Word for word, transcribe the lines below and drop the pictures.

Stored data
•••••
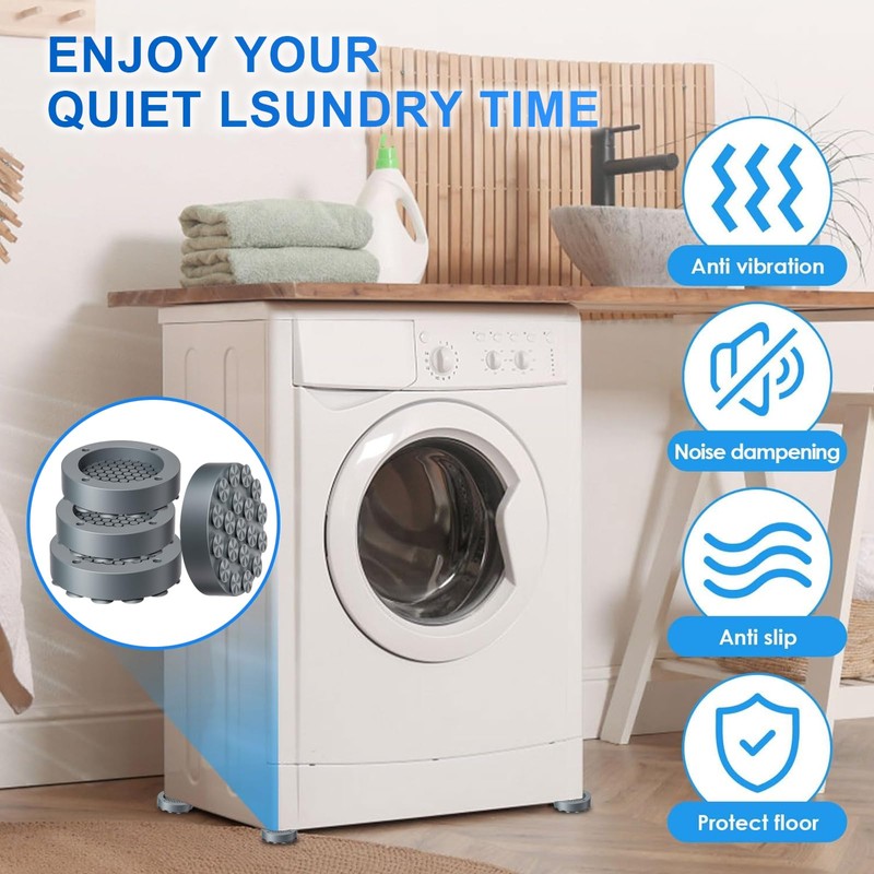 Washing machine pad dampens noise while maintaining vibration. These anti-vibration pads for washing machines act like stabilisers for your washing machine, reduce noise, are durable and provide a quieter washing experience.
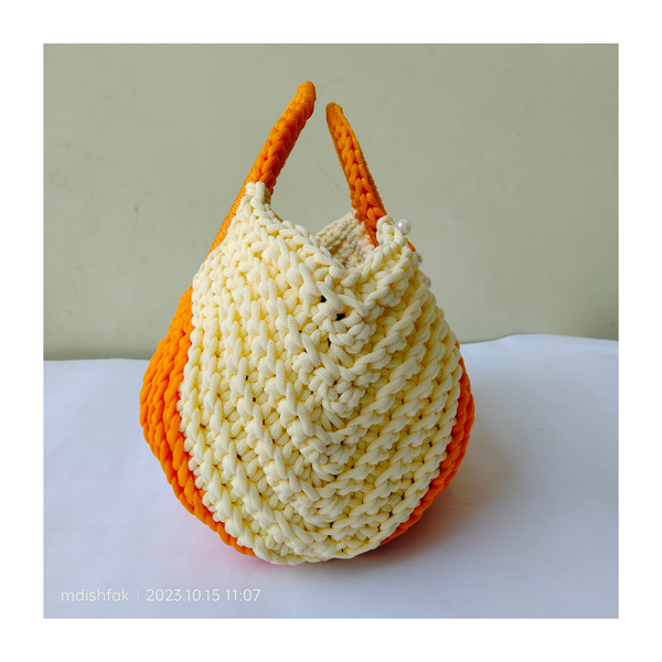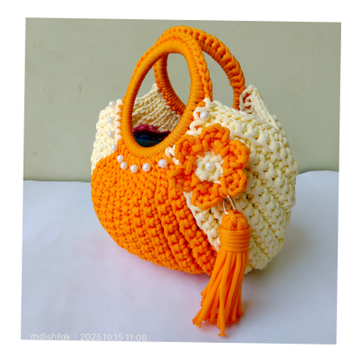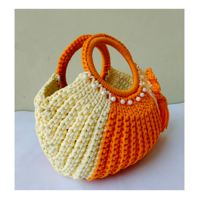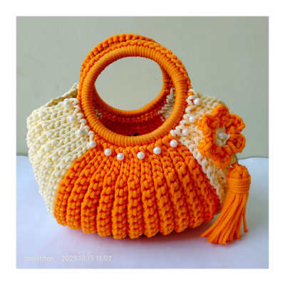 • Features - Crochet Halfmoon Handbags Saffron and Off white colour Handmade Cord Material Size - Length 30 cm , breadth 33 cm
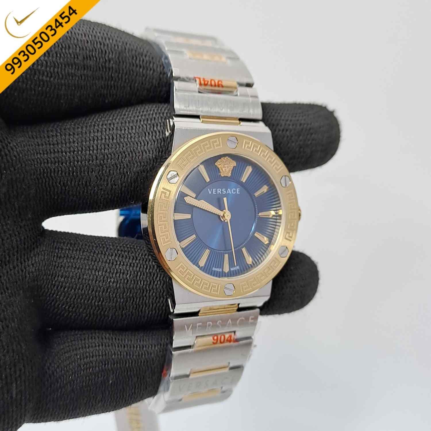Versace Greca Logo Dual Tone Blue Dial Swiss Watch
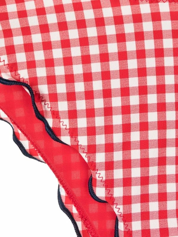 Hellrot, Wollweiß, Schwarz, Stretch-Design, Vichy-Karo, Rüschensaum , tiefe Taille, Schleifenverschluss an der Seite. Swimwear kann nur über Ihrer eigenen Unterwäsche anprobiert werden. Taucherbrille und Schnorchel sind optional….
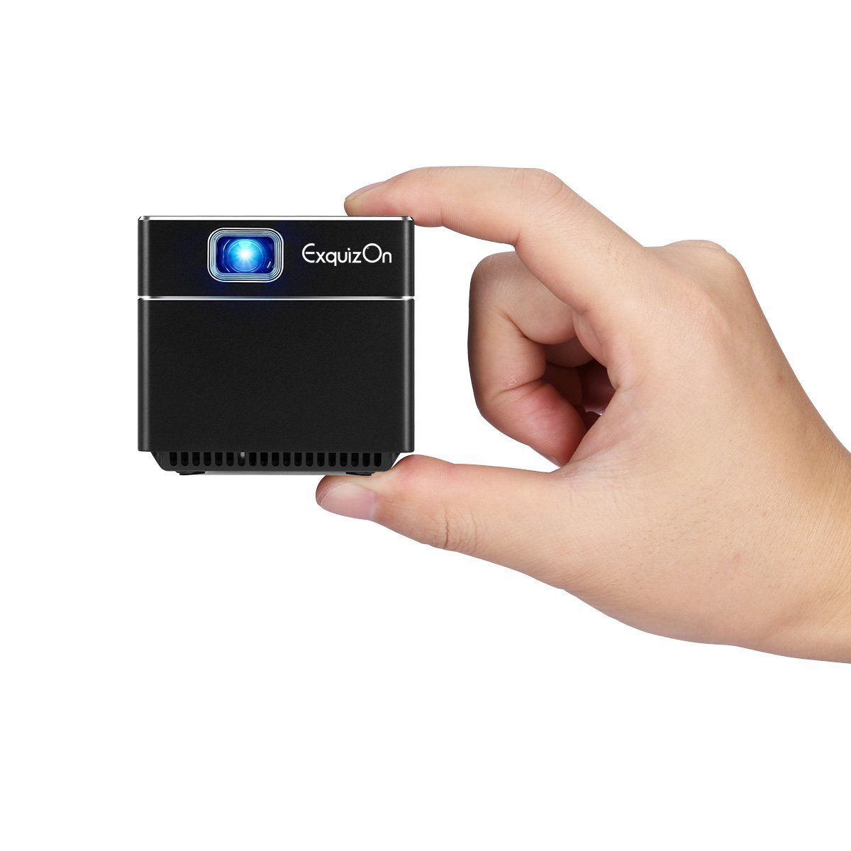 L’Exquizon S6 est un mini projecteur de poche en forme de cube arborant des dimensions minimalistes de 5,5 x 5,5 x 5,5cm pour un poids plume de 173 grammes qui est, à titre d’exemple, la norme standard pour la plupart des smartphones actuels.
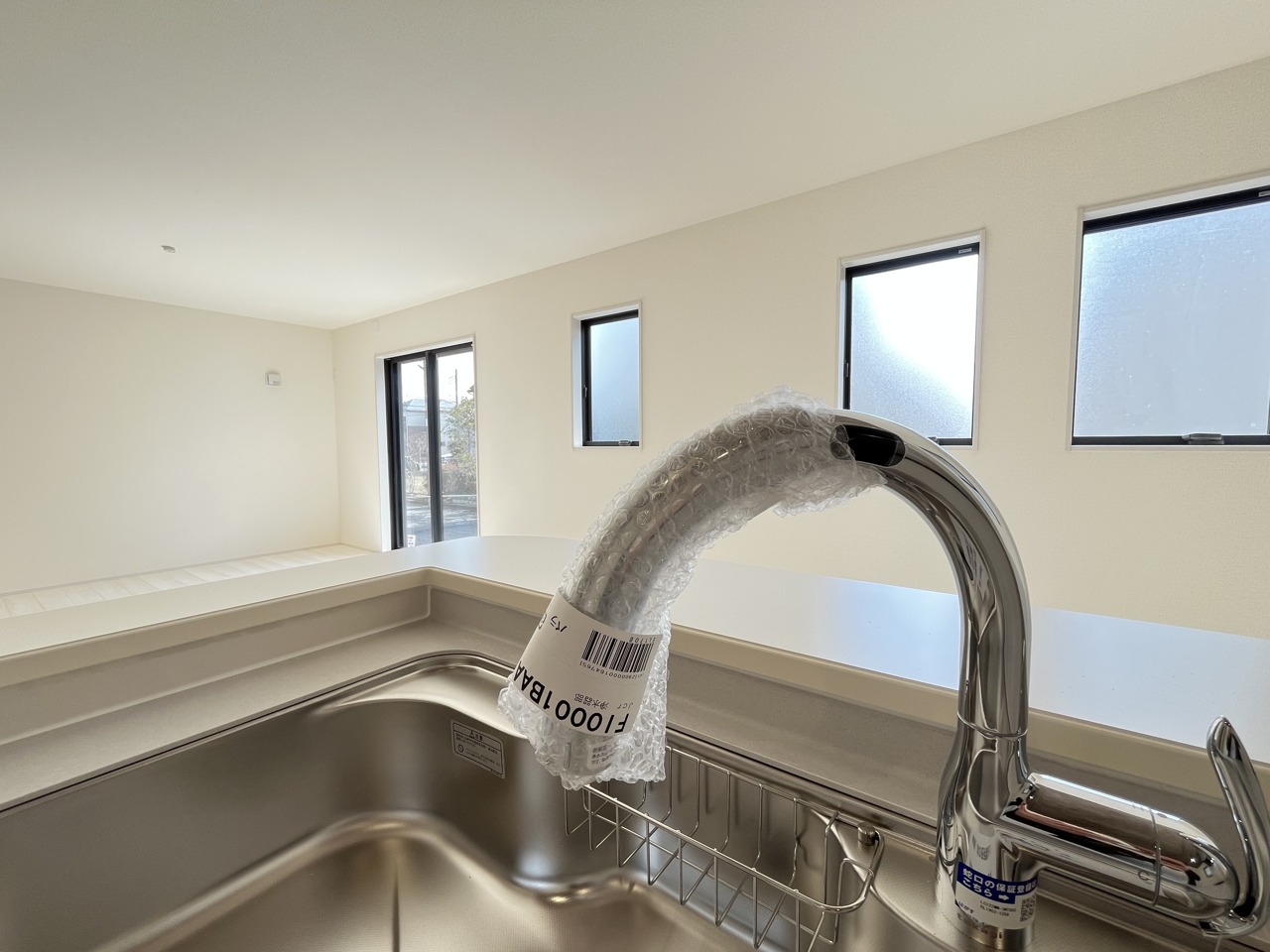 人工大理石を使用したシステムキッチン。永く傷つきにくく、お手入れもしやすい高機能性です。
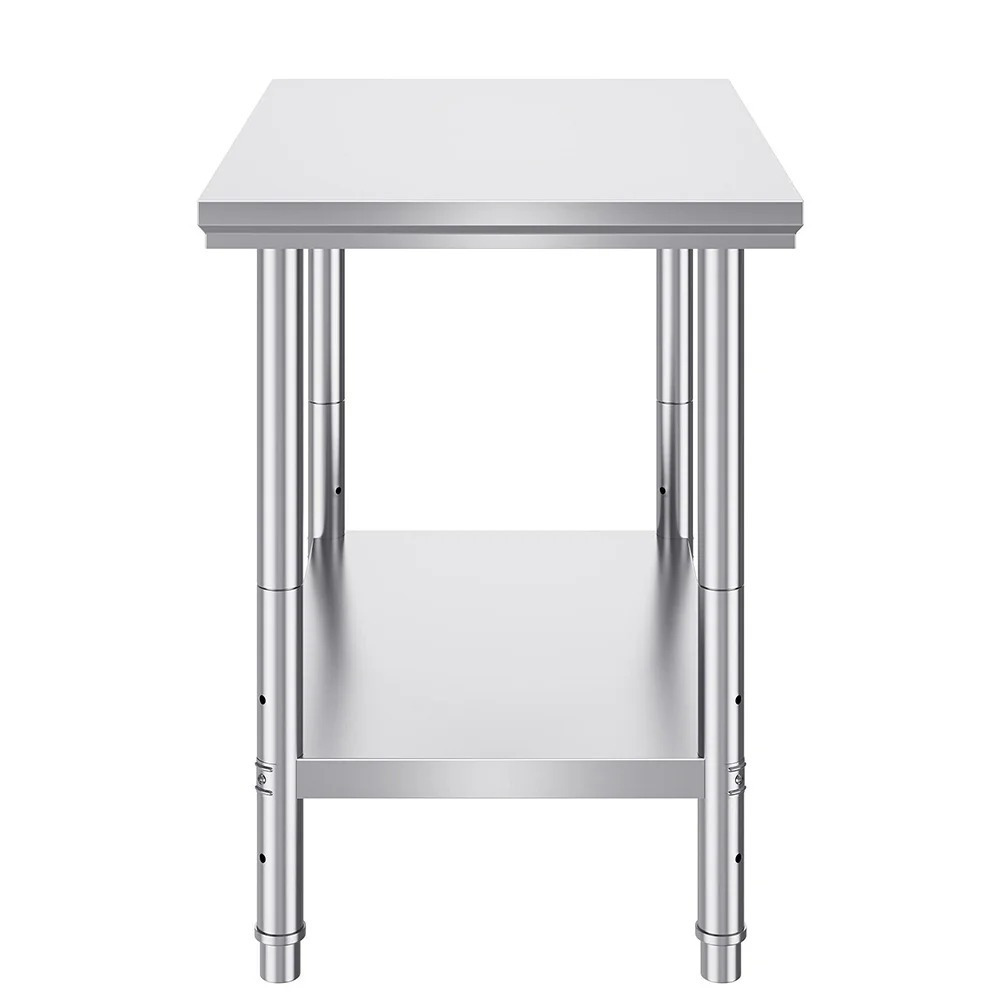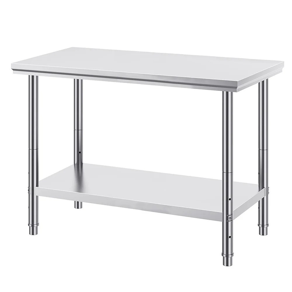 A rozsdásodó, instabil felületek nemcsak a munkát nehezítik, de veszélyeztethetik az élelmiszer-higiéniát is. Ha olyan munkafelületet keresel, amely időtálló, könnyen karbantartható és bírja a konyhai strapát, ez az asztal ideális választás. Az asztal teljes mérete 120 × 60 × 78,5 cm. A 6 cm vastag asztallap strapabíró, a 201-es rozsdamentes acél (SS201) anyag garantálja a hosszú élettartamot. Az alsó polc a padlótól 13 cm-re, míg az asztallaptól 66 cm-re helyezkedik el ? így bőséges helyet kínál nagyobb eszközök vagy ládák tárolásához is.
•••••
# Answer for this exercise:
 Washing machine pad dampens noise while maintaining vibration. These anti-vibration pads for washing machines act like stabilisers for your washing machine, reduce noise, are durable and provide a quieter washing experience.
 • Features - Crochet Halfmoon Handbags Saffron and Off white colour Handmade Cord Material Size - Length 30 cm , breadth 33 cm
Versace Greca Logo Dual Tone Blue Dial Swiss Watch
 Hellrot, Wollweiß, Schwarz, Stretch-Design, Vichy-Karo, Rüschensaum , tiefe Taille, Schleifenverschluss an der Seite. Swimwear kann nur über Ihrer eigenen Unterwäsche anprobiert werden. Taucherbrille und Schnorchel sind optional….
 L’Exquizon S6 est un mini projecteur de poche en forme de cube arborant des dimensions minimalistes de 5,5 x 5,5 x 5,5cm pour un poids plume de 173 grammes qui est, à titre d’exemple, la norme standard pour la plupart des smartphones actuels.
 人工大理石を使用したシステムキッチン。永く傷つきにくく、お手入れもしやすい高機能性です。
 A rozsdásodó, instabil felületek nemcsak a munkát nehezítik, de veszélyeztethetik az élelmiszer-higiéniát is. Ha olyan munkafelületet keresel, amely időtálló, könnyen karbantartható és bírja a konyhai strapát, ez az asztal ideális választás. Az asztal teljes mérete 120 × 60 × 78,5 cm. A 6 cm vastag asztallap strapabíró, a 201-es rozsdamentes acél (SS201) anyag garantálja a hosszú élettartamot. Az alsó polc a padlótól 13 cm-re, míg az asztallaptól 66 cm-re helyezkedik el ? így bőséges helyet kínál nagyobb eszközök vagy ládák tárolásához is.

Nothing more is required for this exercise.